Gloucestershire's first trailblazer degree apprenticeship launched by UWE Bristol and GC

Issue date: 14 March 2016

The University of the West of England (UWE Bristol) has further strengthened its partnership with Gloucestershire College and GE Aviation to launch Gloucestershire's first trailblazer apprenticeship in engineering; increasing access to higher education and degree-level apprenticeships in the region.

The BEng (Hons) Degree Apprenticeship in Electronic and Computer Engineering successfully launched in September, with 16 apprentices working at leading engineering companies – 13 at GE Aviation – whilst studying for their Level 6 qualification at the College and University.

The trailblazer apprenticeship has been designed by employers, for employers, to produce highly skilled and employable professionals who can meet the growing local demand for qualified engineers.

At the College's Gloucester Campus, apprentices learn a wide range of skills in the new GFirst-backed STEMBED Engineering Centre, including digital and analogue electronics; mathematics and computer programming; digital design; and the application of electronics in a range of environments. At UWE Bristol, they also get an inside track on the industry through factory tours, live projects and professional briefings from leading organisations.

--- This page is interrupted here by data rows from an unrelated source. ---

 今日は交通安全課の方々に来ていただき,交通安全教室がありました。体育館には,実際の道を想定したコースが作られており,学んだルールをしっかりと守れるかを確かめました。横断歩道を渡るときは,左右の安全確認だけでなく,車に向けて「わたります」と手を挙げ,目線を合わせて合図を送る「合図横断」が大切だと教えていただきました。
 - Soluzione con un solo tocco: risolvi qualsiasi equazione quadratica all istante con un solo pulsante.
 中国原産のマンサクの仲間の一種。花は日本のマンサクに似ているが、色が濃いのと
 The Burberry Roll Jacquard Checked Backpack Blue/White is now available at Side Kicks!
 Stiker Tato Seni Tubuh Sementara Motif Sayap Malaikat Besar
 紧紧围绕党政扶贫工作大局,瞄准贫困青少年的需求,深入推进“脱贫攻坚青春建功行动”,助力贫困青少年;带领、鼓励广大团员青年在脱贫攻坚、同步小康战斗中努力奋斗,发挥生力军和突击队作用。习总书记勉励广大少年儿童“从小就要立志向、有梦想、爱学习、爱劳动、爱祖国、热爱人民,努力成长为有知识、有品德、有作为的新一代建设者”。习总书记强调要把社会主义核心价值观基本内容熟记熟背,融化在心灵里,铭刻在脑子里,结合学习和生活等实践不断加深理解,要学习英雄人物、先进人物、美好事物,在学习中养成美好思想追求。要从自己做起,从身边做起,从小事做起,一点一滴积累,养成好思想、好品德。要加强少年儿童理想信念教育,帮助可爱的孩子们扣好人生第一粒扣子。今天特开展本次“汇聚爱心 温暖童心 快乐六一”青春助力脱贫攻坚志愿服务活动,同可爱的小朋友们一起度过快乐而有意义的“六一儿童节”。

Dr John Lanham, Associate Dean at UWE Bristol, said, “UWE is pleased to be working with Gloucestershire College, GE Aviation and other local employers in developing and launching this trailblazer apprenticeship. The partnership builds on a long running collaboration between UWE, the College and GE.

“This is also the University's second successful trailblazer degree apprenticeship in the region. With City of Bristol College, we also run the FdSc Aerospace Engineering Manufacturing and it was very rewarding to see the first set of Airbus apprentices achieve their degrees in the summer.

“There are a wealth of opportunities in engineering as proven by UWE Bristol's consistently strong graduate employment arising from a number of routes for students from degrees with paid internships to degree apprenticeships. Degree apprenticeships are a strategic priority for UWE and align completely with the university's 2020 strategy, plans and ambitions, and this programme is the first of several UWE will be developing in the coming year.”

The new degree apprenticeship is the second engineering qualification to be offered by Gloucestershire College and UWE Bristol, following the popular Foundation Degree in Electronic and Computer Engineering.

Brian Fowler, Head of Engineering at Gloucestershire College, said: “Our apprenticeship programme is already successful and this exciting new scheme offers a real alternative to going to university – it combines the apprenticeship with higher education.

“From the start, students are able to 'earn and learn', and develop as professional engineers. We have actively worked with employers to identify their high level skill needs and can now offer higher education in partnership with UWE, at Gloucestershire College. In addition to the BEng (Hons) in Electronic Engineering, we have plans to offer similar mechanical programmes in the near future.”

The apprentices themselves view the degree apprenticeship as a viable route to a successful career in engineering, and are enjoying putting the practical skills they learn in college and university into practice in the workplace.

Gary Shaw, 19, an apprentice from Gloucester who works for GE Aviation, said: “I chose the engineering higher apprenticeship with GE Aviation after initially hearing about the company during a work experience placement in Abu Dhabi. The company has a great reputation worldwide and the apprenticeship is a fantastic opportunity; it focuses on your own personal development and helps you improve your soft skills, as well as learn invaluable skills that are essential in an engineering workplace.”

Emma Hardiman, 20, an apprentice from Aston Somerville also working for GE, said: After my A levels I went to university, however I found that the learning style, lack of application and way of life didn't suit me. I chose to do the engineering higher apprenticeship because it means you can apply everything you learn from the degree modules at work. While at work we have an abundance of opportunities; we can take part in a wide variety of STEM activities and get involved in real engineering tasks. There is, of course, the added bonus of having no student debt and being paid throughout the apprenticeship.”

Clive Arnold, Engineering Resource Development Manager at GE Aviation, said: “I believe engineering higher apprenticeships have taken a major step forward under the new Employer Ownership of Skills and Trailblazer initiatives. The fundamental shift away from having Level 4 foundation degrees, followed by bolt-on Level 6 top-up degrees, will now provide a more seamless way of consolidating the combination of academic learning and expansive vocational experience that will be hard to match in any way, other than with a Level 6 or 7 engineering degree apprenticeship.”